Even now, some continue to delude themselves. They attack

Mr. Clinton’s actions, but they can’t bring themselves to admit that Senator

Hillary also is at fault. Most of us, however, now realize that she is an

equally detestable partner in a scandal whose sleazy dealings finally have been

brought to light.

Conservative critics of the Clintons have been amused to see

the former President’s friends writhing in agony on talk shows and in op-ed

columns in recent weeks. They wonder why other Democrats and liberal

commentators are so angry. It’s not as though the Clintons have suddenly become

something they’re not; they’ve been selling their principles to the highest

bidder for years. It’s not as though they’ve betrayed their core values; what

core values did they ever have?

What the critics-understandably satisfied to see their

judgment confirmed yet again-miss is the amount of self-loathing in the Clinton

pile-on. Pro-Clinton commentators and colleagues now realize just how much they

compromised, just how much they excused, just how ridiculous they looked in

their defense of this corrupt couple.
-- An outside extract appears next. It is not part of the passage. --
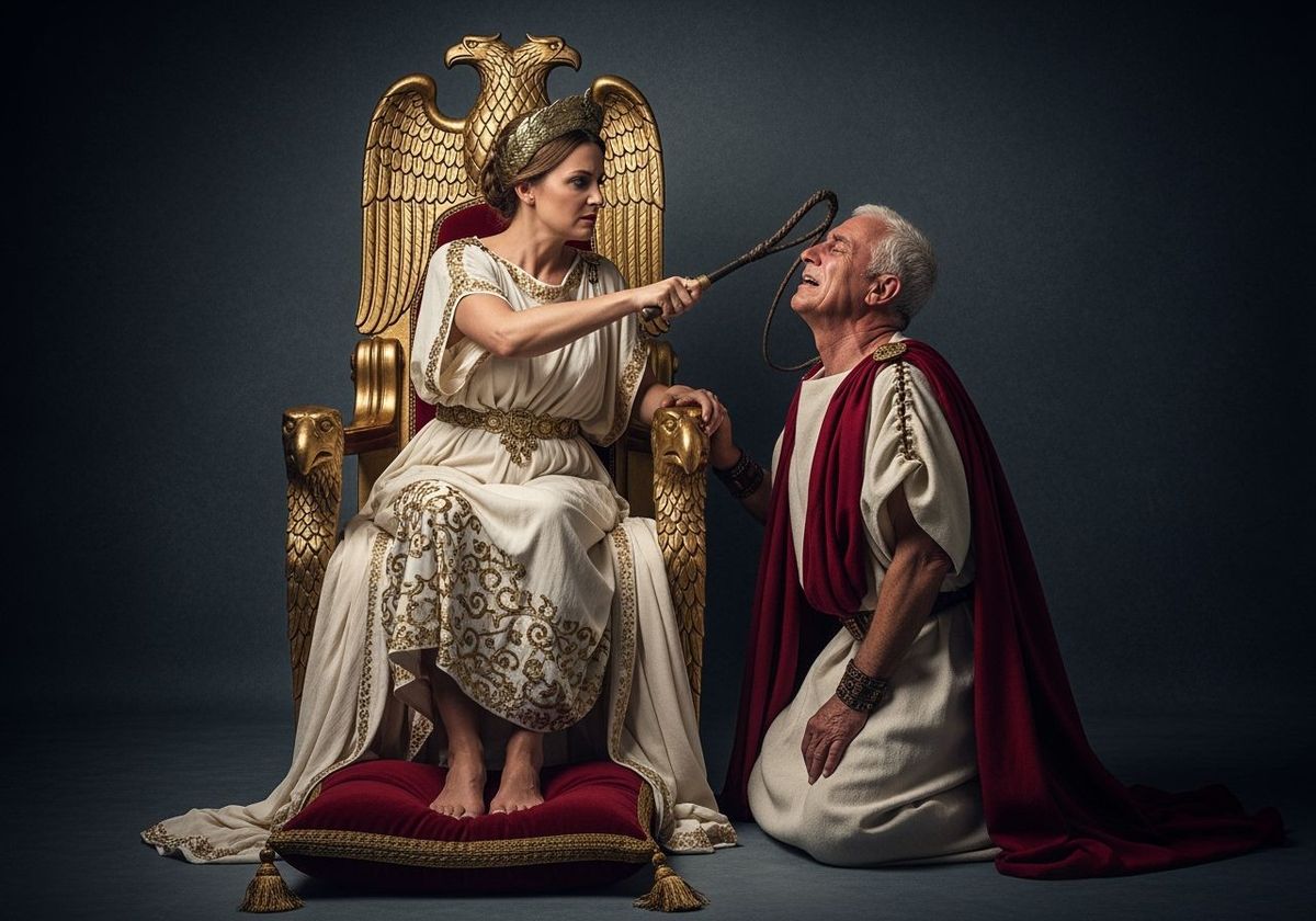 This image shows a Roman Empress on her golden throne as she whips a kneeling senator. The scene is captured with professional photography techniques, using natural light and a shallow depth of field.

The end of the Clinton Presidency and the

beginning of another Bush era has inspired a round of reflection, and Clinton

supporters find they can’t look at themselves in the mirror.

They are ashamed of themselves, which is a good deal more

than anybody can say of the Clintons. Indeed, they remain smug and

self-righteous, certain that New York will forget the early weeks of 2001,

certain that New York will embrace its junior Senator once again.

They have fooled the public before. They believe they can do

so again.

Let’s hope that this time, they are wrong.